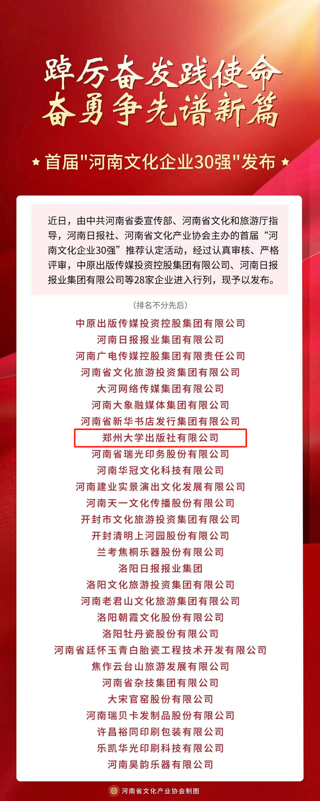 首届“河南文化企业30强”推荐认定活动由中共河南省委宣传部、河南省文化和旅游厅指导,河南日报社、河南省文化产业协会主办,旨在落实文旅文创融合战略,激发文化经营主体活力,推动文化产业高质量发展,充分展示宣传我省文化改革发展成效,发现和培育一批具有较强竞争力和影响力的骨干文化企业。经过认真审核、严格评审,郑州大学出版社等28家企业进入行列。
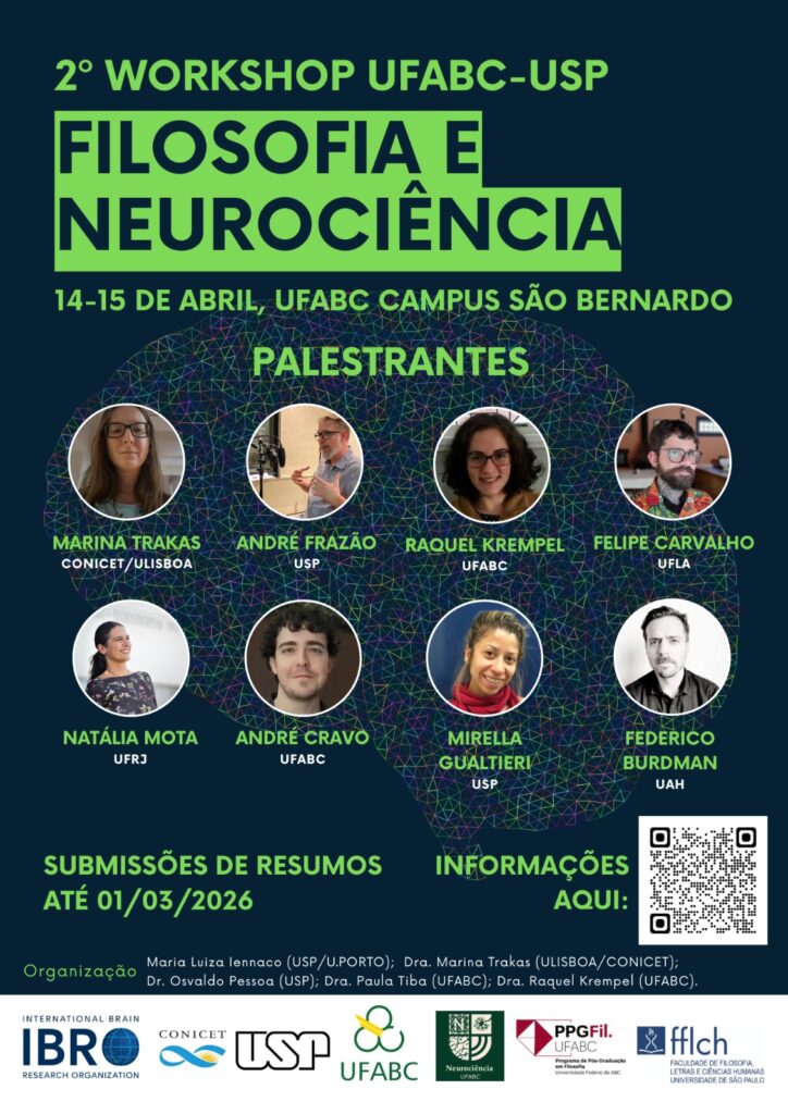 O evento ocorrerá nos dias 14 e 15 de abril de 2026, no campus de São Bernardo do Campo da UFABC. Submissões de resumos para apresentações orais e pôsteres serão recebidas até o dia 1º de março de 2026. As submissões estão abertas a pesquisadoras e pesquisadores de quaisquer instituições. Recebemos contribuições nas áreas de Filosofia, Neurociências e Psicologia Cognitiva, com especial interesse em abordagens interdisciplinares que integrem esses campos.
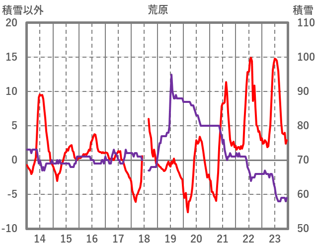 | 日 | 時 | 気温 | 降水 | 風向/風速 | 日照 | 積雪 | 降雪 |
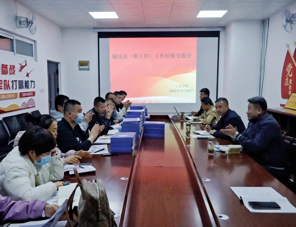为了进一步提高学生管理水平,促进辅导员、班主任职业能力提升,共享辅导员、班主任在学生管理中的好经验、好做法。11月20日晚,军士学院在一楼会议室召开辅导员、班主任工作经验交流会,党总支书记高永利、学生科人员、各辅导员及班主任参加会议。
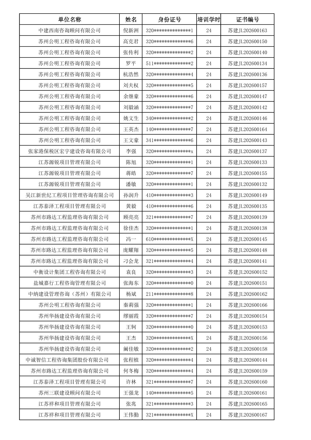 2026年监理人员业务培训完成名单公示(截止到2026年03月24日学习网上发放证书的学员)
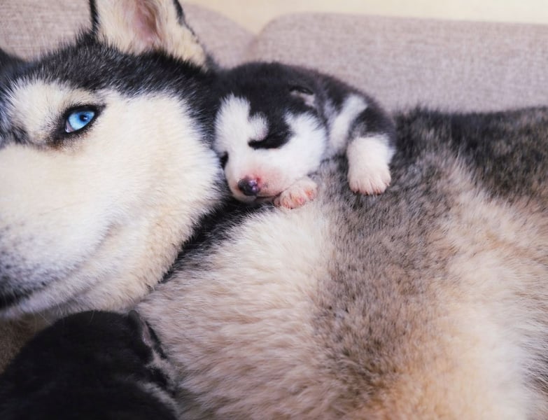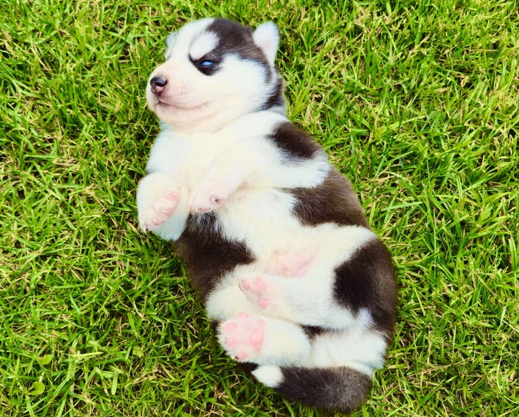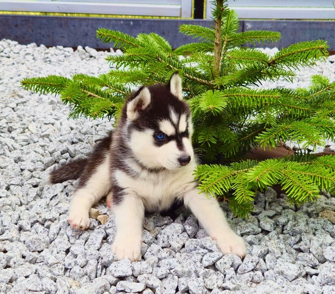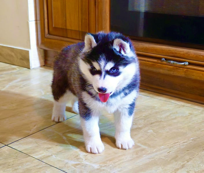 Schwarz-weißer Siberian Husky, blauäugiger Welpe mit FCI-Stammbaum

#####

§ ABOUT THIS TASK
Copy out exactly the lines above beginning with the line that contains "O evento ocorrerá" and finishing with the line that contains "日照 | 積雪 | 降雪 |", including both; leave the pictures out.

§ ANSWER BELOW
 O evento ocorrerá nos dias 14 e 15 de abril de 2026, no campus de São Bernardo do Campo da UFABC. Submissões de resumos para apresentações orais e pôsteres serão recebidas até o dia 1º de março de 2026. As submissões estão abertas a pesquisadoras e pesquisadores de quaisquer instituições. Recebemos contribuições nas áreas de Filosofia, Neurociências e Psicologia Cognitiva, com especial interesse em abordagens interdisciplinares que integrem esses campos.
 | 日 | 時 | 気温 | 降水 | 風向/風速 | 日照 | 積雪 | 降雪 |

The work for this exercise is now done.